Developing Impala Applications
The core development language with Impala is SQL. You can also use Java or other languages to interact with Impala through the standard JDBC and ODBC interfaces used by many business intelligence tools. For specialized kinds of analysis, you can supplement the SQL built-in functions by writing user-defined functions (UDFs) in C++ or Java.
Overview of the Impala SQL Dialect
The Impala SQL dialect is highly compatible with the SQL syntax used in the Apache Hive component (HiveQL). As such, it is familiar to users who are already familiar with running SQL queries on the Hadoop infrastructure. Currently, Impala SQL supports a subset of HiveQL statements, data types, and built-in functions. Impala also includes additional built-in functions for common industry features, to simplify porting SQL from non-Hadoop systems.
For users coming to Impala from traditional database or data warehousing backgrounds, the following aspects of the SQL dialect might seem familiar:
The SELECT statement includes familiar clauses such as WHERE, GROUP BY, ORDER BY, and WITH. You will find familiar notions such as joins, built-in functions for processing strings, numbers, and dates, aggregate functions, subqueries, and comparison operators such as IN() and BETWEEN. The SELECT statement is the place where SQL standards compliance is most important.
From the data warehousing world, you will recognize the notion of partitioned tables. One or more columns serve as partition keys, and the data is physically arranged so that queries that refer to the partition key columns in the WHERE clause can skip partitions that do not match the filter conditions. For example, if you have 10 years worth of data and use a clause such as WHERE year = 2015, WHERE year > 2010, or WHERE year IN (2014, 2015), Impala skips all the data for non-matching years, greatly reducing the amount of I/O for the query.

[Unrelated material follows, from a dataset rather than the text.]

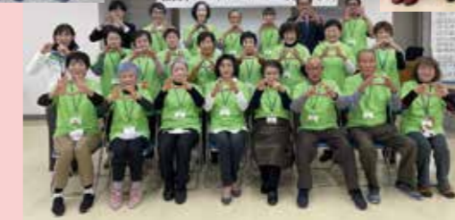
フレイルサポーター 3期生

現在南国市では40名を超えるフレイルサポーターさんが活躍中！ 我々と一緒にフレイル予防 活動を盛り上げて下さる仲間をまだまだ募集中です。 皆様からの声があれば、第4回フレイルサポーター養成研修の開催も検討していきます。

In Impala 1.2 and higher, UDFs let you perform custom comparisons and transformation logic during SELECT and INSERT...SELECT statements.
For users coming to Impala from traditional database or data warehousing backgrounds, the following aspects of the SQL dialect might require some learning and practice for you to become proficient in the Hadoop environment:
Impala SQL is focused on queries and includes relatively little DML. There is no UPDATE or DELETE statement. Stale data is typically discarded (by DROP TABLE or ALTER TABLE ... DROP PARTITION statements) or replaced (by INSERT OVERWRITE statements).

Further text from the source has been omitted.